◆ Available data:
- - -

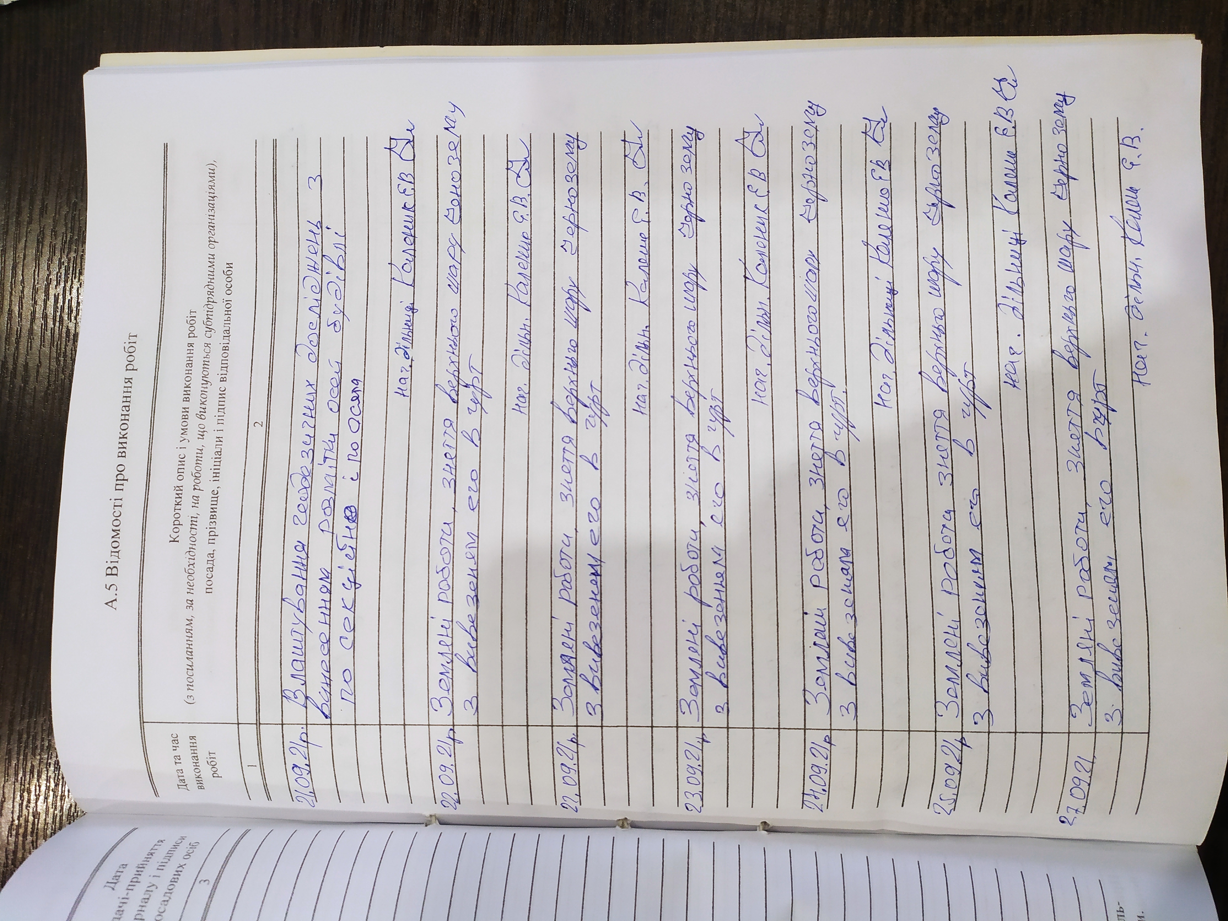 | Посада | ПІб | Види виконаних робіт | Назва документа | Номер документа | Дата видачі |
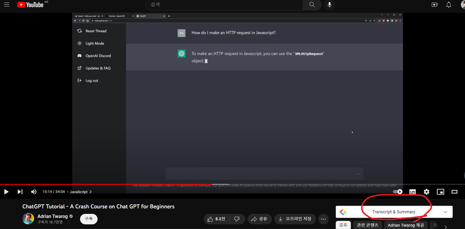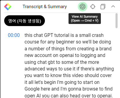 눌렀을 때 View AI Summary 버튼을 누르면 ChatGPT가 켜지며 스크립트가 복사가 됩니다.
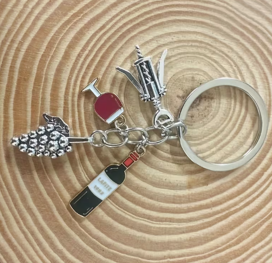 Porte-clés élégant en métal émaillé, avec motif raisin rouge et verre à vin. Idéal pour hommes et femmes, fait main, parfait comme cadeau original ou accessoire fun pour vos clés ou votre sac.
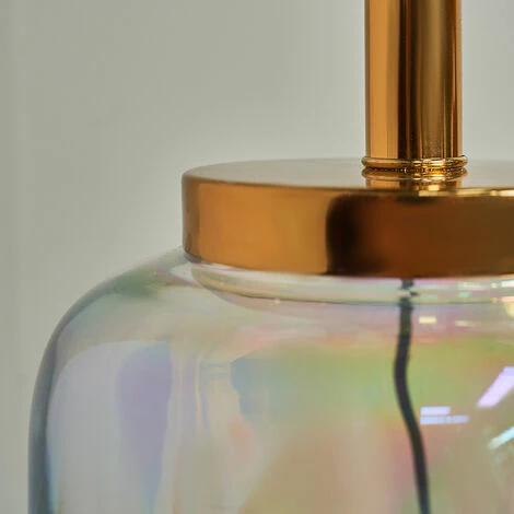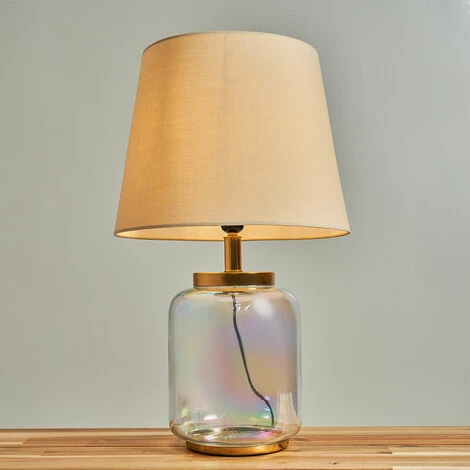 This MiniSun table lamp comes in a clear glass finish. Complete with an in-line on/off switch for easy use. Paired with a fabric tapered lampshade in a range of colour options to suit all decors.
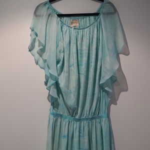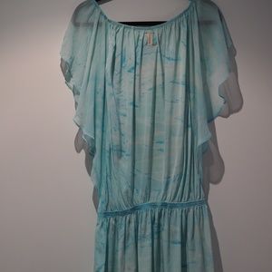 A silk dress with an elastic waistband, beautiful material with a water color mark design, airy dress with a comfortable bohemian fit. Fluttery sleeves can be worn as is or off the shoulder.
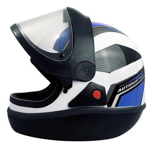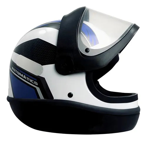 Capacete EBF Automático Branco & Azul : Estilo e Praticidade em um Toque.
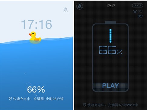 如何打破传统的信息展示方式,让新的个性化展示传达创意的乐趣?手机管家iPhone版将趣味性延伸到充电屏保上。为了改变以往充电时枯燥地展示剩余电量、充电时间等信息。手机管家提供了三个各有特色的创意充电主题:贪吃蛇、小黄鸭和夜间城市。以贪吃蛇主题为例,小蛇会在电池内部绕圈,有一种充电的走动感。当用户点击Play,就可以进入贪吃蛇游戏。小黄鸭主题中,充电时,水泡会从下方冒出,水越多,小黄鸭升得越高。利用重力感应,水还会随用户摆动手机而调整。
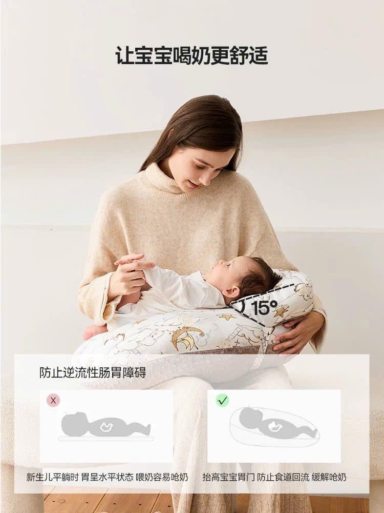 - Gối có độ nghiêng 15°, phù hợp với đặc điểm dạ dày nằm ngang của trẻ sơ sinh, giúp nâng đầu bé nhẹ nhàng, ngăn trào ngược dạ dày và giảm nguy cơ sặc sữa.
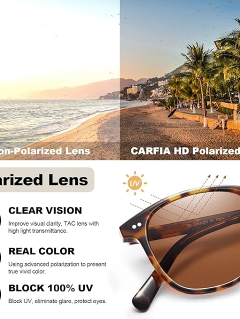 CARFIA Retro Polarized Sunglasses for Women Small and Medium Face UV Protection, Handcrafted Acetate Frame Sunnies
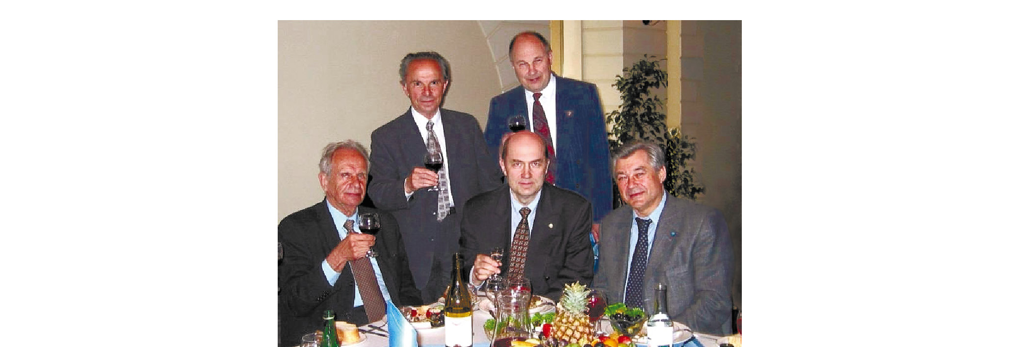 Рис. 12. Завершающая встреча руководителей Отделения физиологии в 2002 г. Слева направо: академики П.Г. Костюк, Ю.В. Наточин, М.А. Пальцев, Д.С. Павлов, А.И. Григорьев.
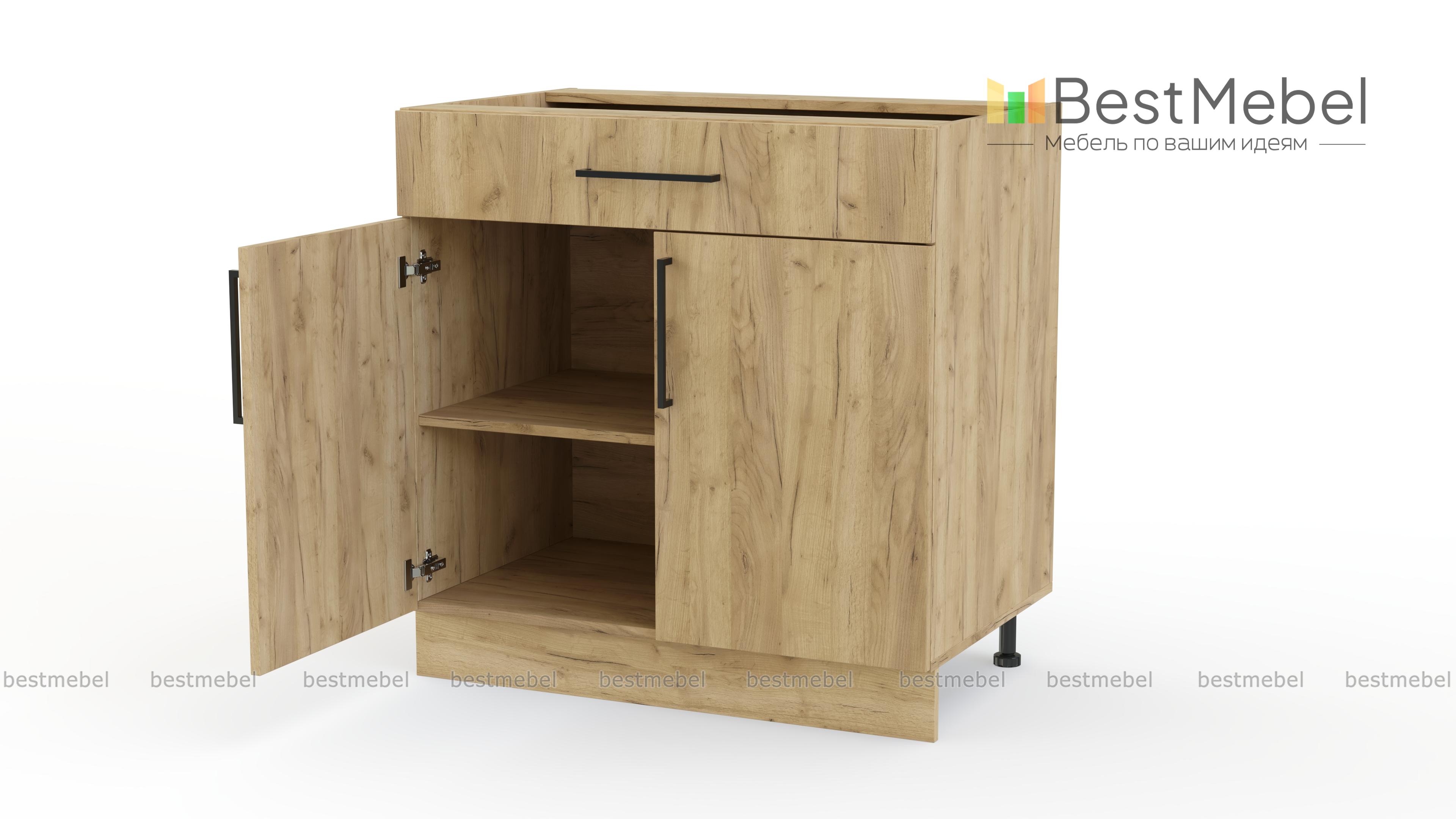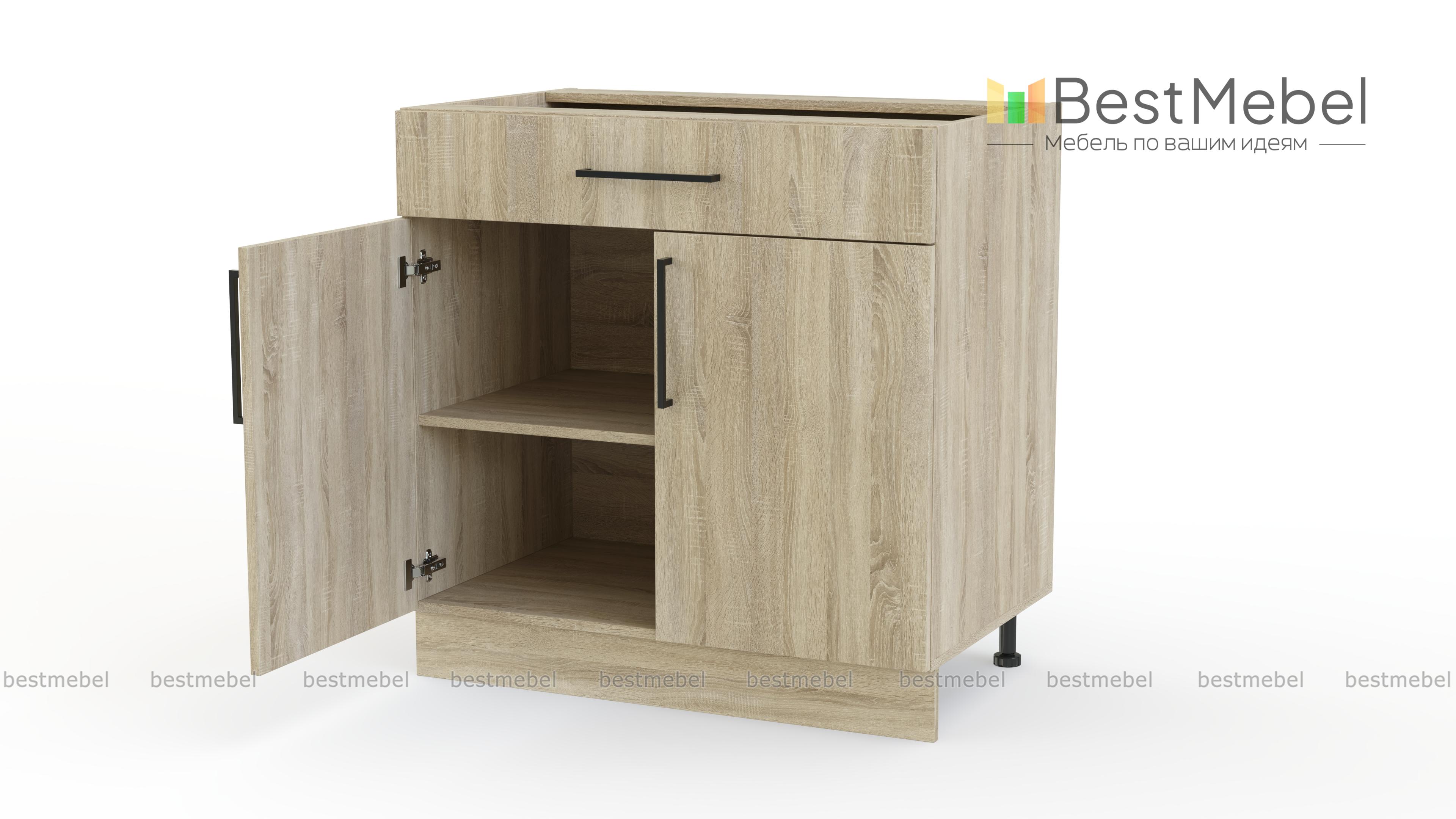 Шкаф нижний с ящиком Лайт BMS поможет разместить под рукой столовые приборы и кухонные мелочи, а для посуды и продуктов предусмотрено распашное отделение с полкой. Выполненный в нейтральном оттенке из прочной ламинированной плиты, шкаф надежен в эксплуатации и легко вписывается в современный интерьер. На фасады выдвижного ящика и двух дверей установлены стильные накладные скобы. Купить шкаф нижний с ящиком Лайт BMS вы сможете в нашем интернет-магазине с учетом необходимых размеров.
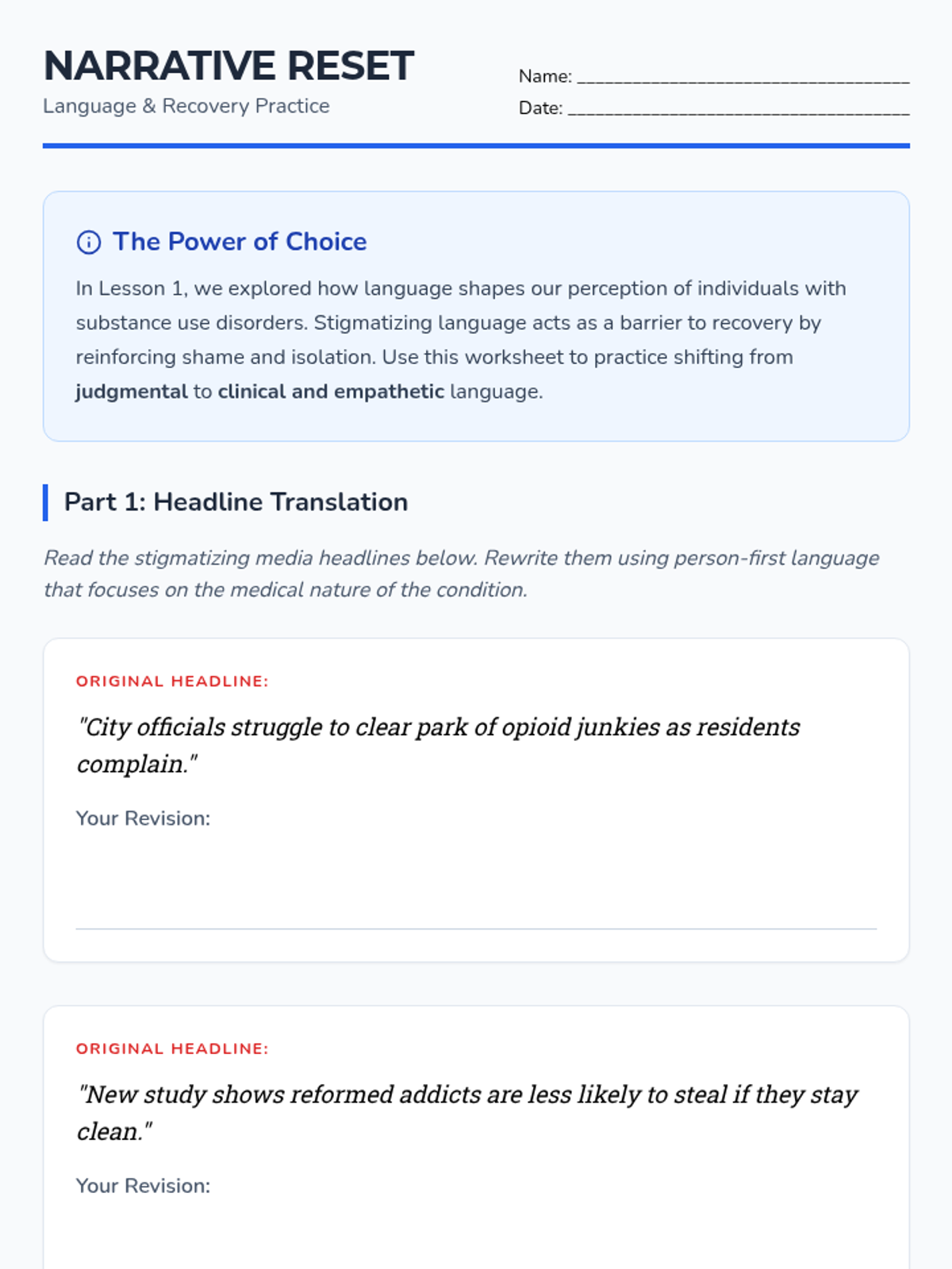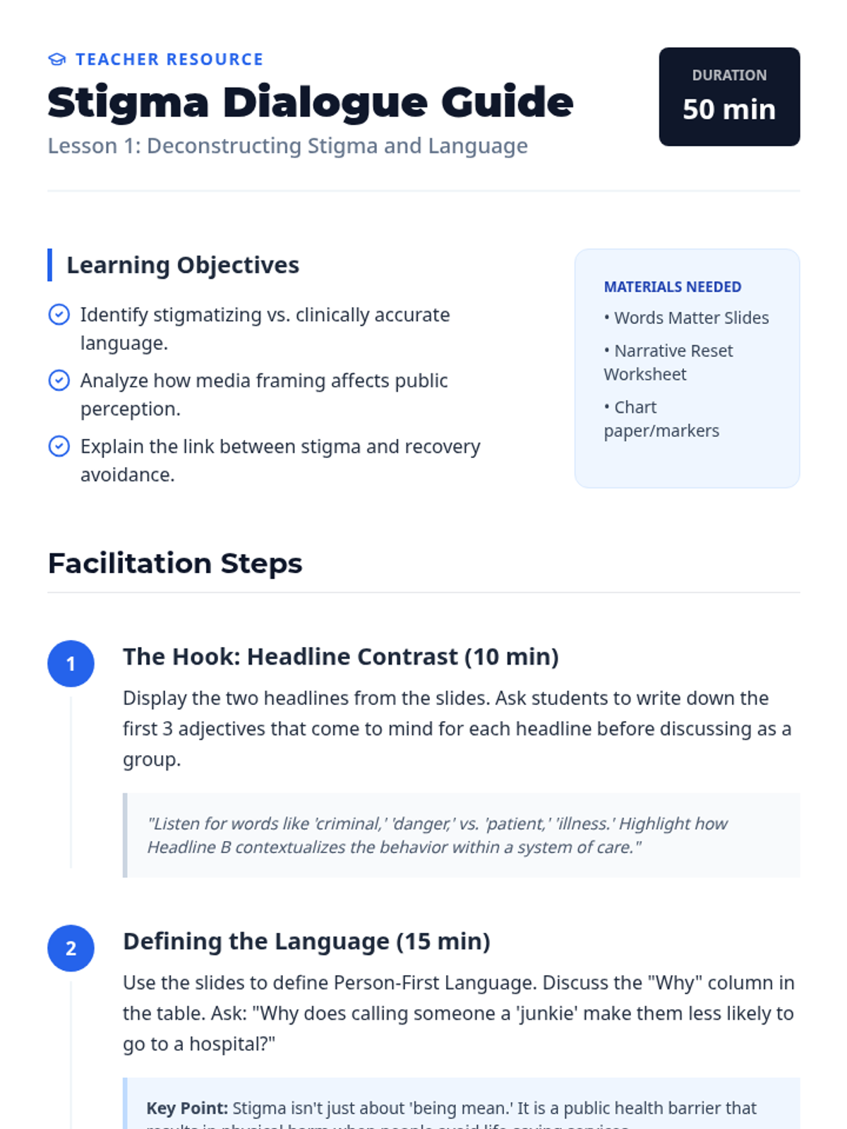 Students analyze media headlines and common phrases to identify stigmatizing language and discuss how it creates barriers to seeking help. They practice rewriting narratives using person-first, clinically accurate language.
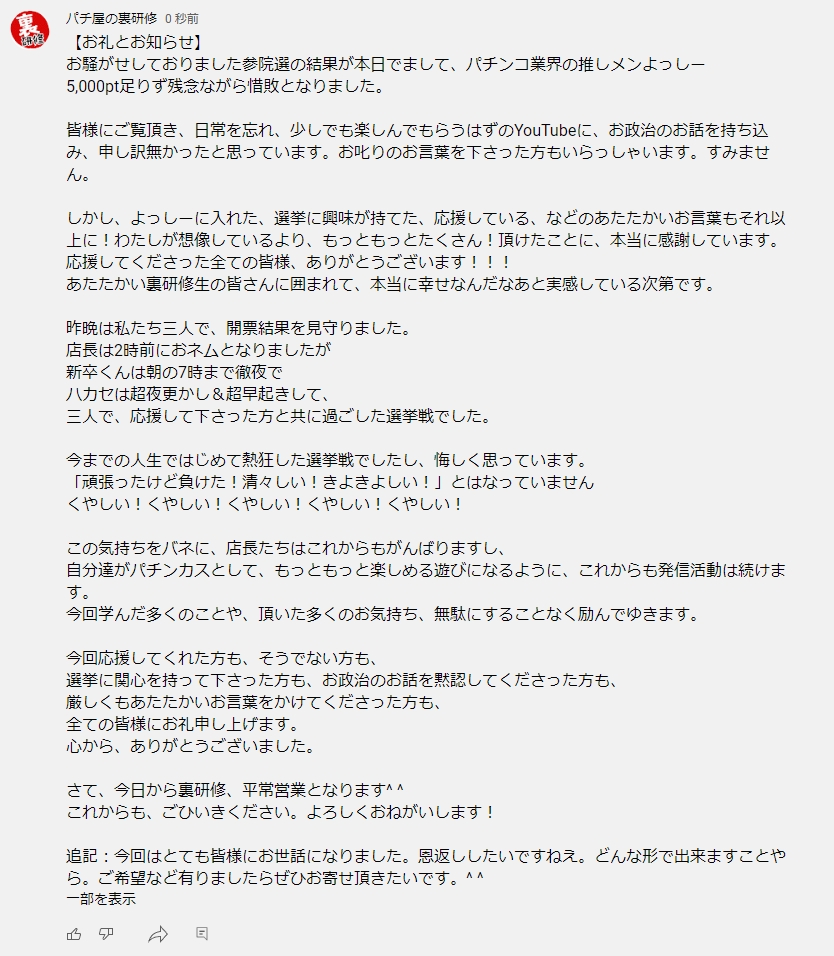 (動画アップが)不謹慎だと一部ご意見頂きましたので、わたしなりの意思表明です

- - -

◆ What is needed:
Quote the lines above exactly, starting with the one that has "CARFIA Retro Polarized" and ending with the one that has "Шкаф нижний с ящиком Лайт BMS поможет"; drop the pictures and include nothing else.

◆ Result for this task:
 CARFIA Retro Polarized Sunglasses for Women Small and Medium Face UV Protection, Handcrafted Acetate Frame Sunnies
 Рис. 12. Завершающая встреча руководителей Отделения физиологии в 2002 г. Слева направо: академики П.Г. Костюк, Ю.В. Наточин, М.А. Пальцев, Д.С. Павлов, А.И. Григорьев.
 Шкаф нижний с ящиком Лайт BMS поможет разместить под рукой столовые приборы и кухонные мелочи, а для посуды и продуктов предусмотрено распашное отделение с полкой. Выполненный в нейтральном оттенке из прочной ламинированной плиты, шкаф надежен в эксплуатации и легко вписывается в современный интерьер. На фасады выдвижного ящика и двух дверей установлены стильные накладные скобы. Купить шкаф нижний с ящиком Лайт BMS вы сможете в нашем интернет-магазине с учетом необходимых размеров.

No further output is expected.